With the pictures left out, retype exactly the lines below starting at the line that contains "グリンピースごはんが出来上がるまでの様子 2" and ending at the line that contains "Štýlový obraz na".

Study material
----------

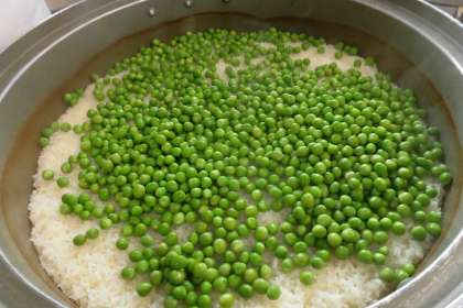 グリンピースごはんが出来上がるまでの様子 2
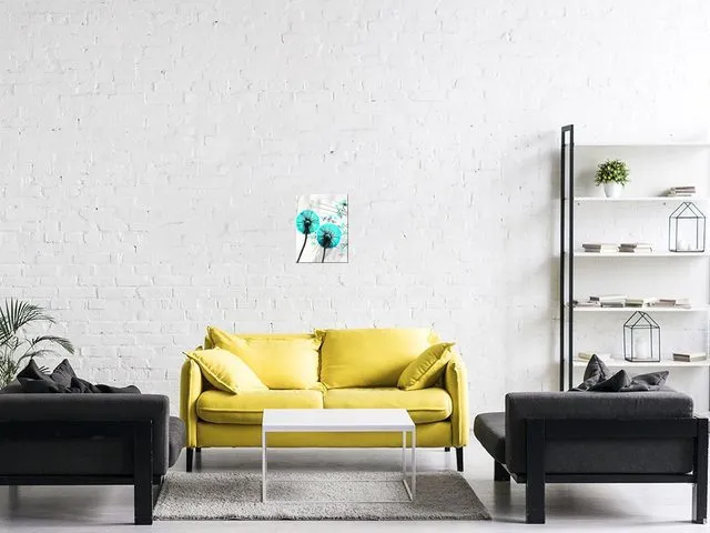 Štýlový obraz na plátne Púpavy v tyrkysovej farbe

----------

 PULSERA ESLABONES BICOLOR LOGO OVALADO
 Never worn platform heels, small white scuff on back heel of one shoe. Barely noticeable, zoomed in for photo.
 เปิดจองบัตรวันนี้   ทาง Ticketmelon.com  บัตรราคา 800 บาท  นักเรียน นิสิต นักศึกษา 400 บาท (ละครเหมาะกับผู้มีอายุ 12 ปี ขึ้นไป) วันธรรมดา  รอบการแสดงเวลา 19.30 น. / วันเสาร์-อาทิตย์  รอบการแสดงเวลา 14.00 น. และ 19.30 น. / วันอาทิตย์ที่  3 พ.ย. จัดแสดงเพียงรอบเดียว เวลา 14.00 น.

----------

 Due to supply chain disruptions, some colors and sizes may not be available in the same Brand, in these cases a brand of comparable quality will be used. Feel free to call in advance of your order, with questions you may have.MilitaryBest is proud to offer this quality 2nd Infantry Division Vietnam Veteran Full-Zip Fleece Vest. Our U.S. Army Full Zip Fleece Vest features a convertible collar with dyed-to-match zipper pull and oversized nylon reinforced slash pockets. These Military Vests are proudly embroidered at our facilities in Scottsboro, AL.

----------

Completed exercise
 グリンピースごはんが出来上がるまでの様子 2
 Štýlový obraz na plátne Púpavy v tyrkysovej farbe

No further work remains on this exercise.